Corporate policyholders should carefully consider insurance coverage implications when structuring mergers, acquisitions, or other transactions that may impact available insurance assets. A New Jersey federal court recently granted summary judgment for a surviving bank asserting coverage rights under a D&O policy issued to an entity that dissolved in a statutory merger, based in part on the wording of the parties’ merger agreement structuring the transaction in accordance with the New Jersey Business Corporation Act (“NJBCA”).
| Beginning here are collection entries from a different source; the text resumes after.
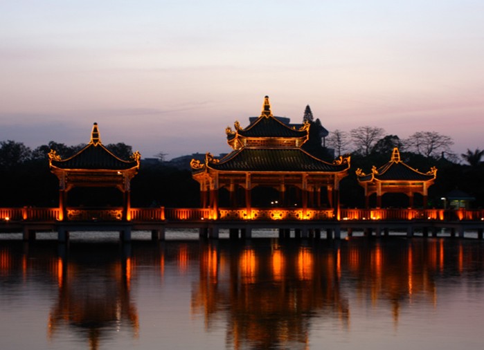 這是1986年建成開放的新景點。它采用中國庭園設計手法,庭廊相接,曲折回環。館中陳列著各種新奇花卉和盆景。這是一個小型花苑,如果對盆景有興趣的游客,在這里可以欣賞到很多各具特色的盆景,在“縮景為寸”的天地中領略到各處大自然的美景。宮苑里一年四季鮮花盛開,有不少是熱帶或寒帶才能生長開花的品種,所以這里又是一個鮮花鑒賞的新天地。這座宮苑開放以來,每天都接待不少海內外旅游團體和個人,他們都稱贊說:“這是南國獨有的一條風景線”。
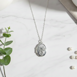 Łańcuszek z zawieszką w formie otwieranego medalionu w kształcie owalu, zdobiony eleganckim tłoczeniem w formie róży. Do jego wnętrza możesz schować zdjęcia ukochanej osoby, aby mieć je zawsze blisko siebie.
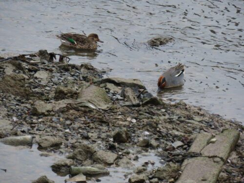 Being low tide, muddy margins were exposed and were frequented by Oystercatchers, while Teals dabbled in the shallows.
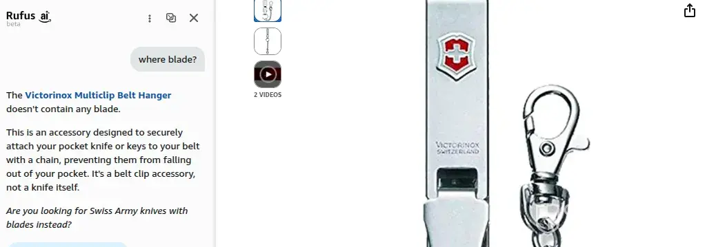 Victorinox, belt pendant, age verification also doesn't work re this item. Experian say that amazon are using data incorrectly.

In so holding, the court refused to permit the insurer to deny coverage for post-merger defense costs incurred in connection with a pre-merger shareholder class action lawsuit, rejecting the carrier’s argument that the insurer’s duty to defend the original policyholder’s officers and directors extinguished when the policyholder dissolved and merged into the surviving entity. The court stated that “[u]nder the NJBCA, the surviving corporation of a merger in essence steps into the shoes of the merged entity for the purposes of the merged entity’s rights and liabilities,” including with respect to the merged entity’s insurance policies. Accordingly, the court held that “an insurance contract must contain specific exclusionary language to prevent a transfer of rights to the surviving entity under the NJBCA.” No such exclusion existed in the policy, so the transfer of assets in the merger preserved the surviving entity’s insurance rights. The court’s unpublished opinion, in BCB Bancorp, Inc. v. Progressive Casualty Insurance, No. 13‑1261 (D. N.J. Sept. 18, 2017), can be found here.

The insurance rights of a surviving entity are inherently fact-specific and largely depend on the facts of the underlying claim, the policy language, and the structure of the underlying transaction under applicable state law. Retaining experienced coverage counsel early in the deal process can help maximize insurance assets and mitigate risk of uncovered claims following the transaction.